Top of Raw data

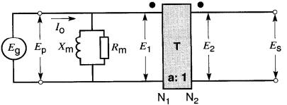Ce courant Im est appelé courant magnétisant; il est déphasé de 90° en arrière de la tension Eg, comme dans toute inductance (Fig. 30-2b et 30-3b).
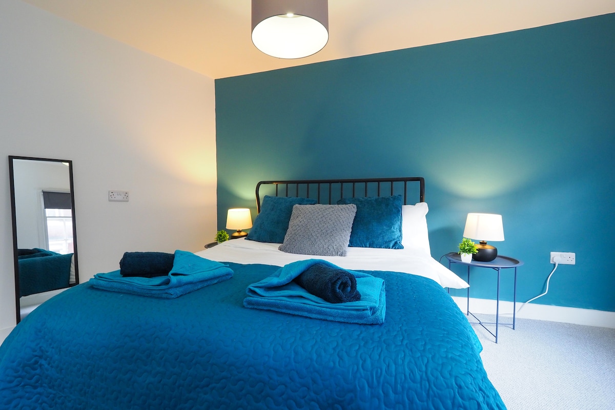 Luxury 2-bedroom apartment, ground floor, home feeling in the heart of Derby City Centre, quiet area, ensuring a relaxing stay. Perfect for business travellers, professionals, contractors, families and couples. - Elegant Design, open-plan - Smart TV, Netflix, Prime Vide, apps - Premium & luxurious beds, Sofa bed - Fully Equipped Kitchen & Contemporary Dining - Stylish Bathrooms - Laundry machine, pressing iron - Secured Building - FREE PARKING in front of the apartment! - Ground floor apartment
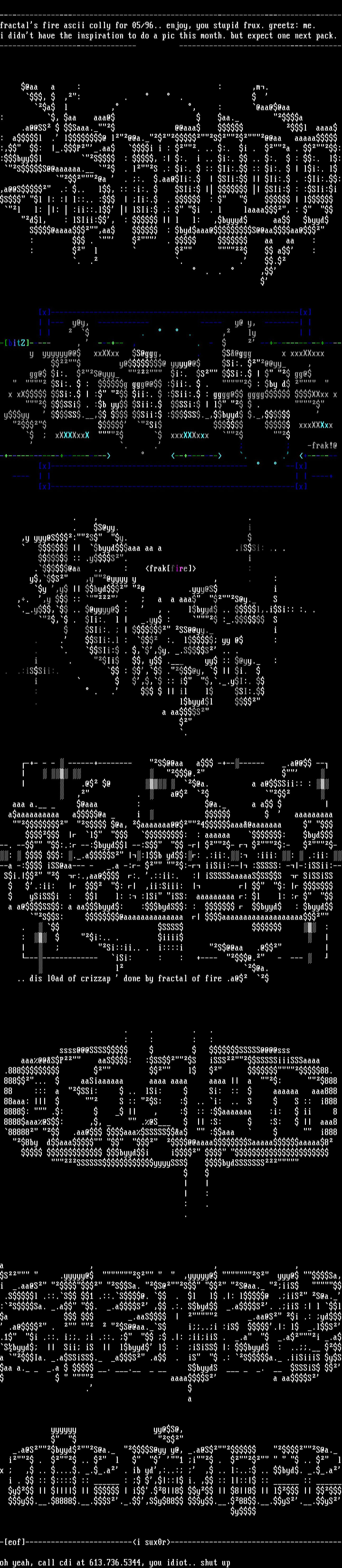 --------------------------------------------------------------------------------fractals fire ascii colly for 05/96.. enjoy, you stupid frux. greetz: me.
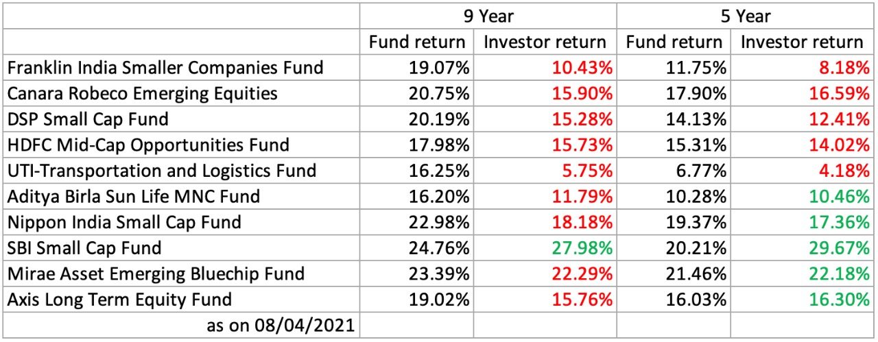 As you can see in the above table investor’s returns are significantly lesser than the fund’s return. This was because investors poured more money after the fund’s performance and pulled out money after its poor performance.

Bottom of Raw data

- [Goal of the exercise]: Give back exactly the lines from the line with "frux. greetz: me." through the end of the material above, and omit every picture.

- [Result of the task]:
 --------------------------------------------------------------------------------fractals fire ascii colly for 05/96.. enjoy, you stupid frux. greetz: me.
 As you can see in the above table investor’s returns are significantly lesser than the fund’s return. This was because investors poured more money after the fund’s performance and pulled out money after its poor performance.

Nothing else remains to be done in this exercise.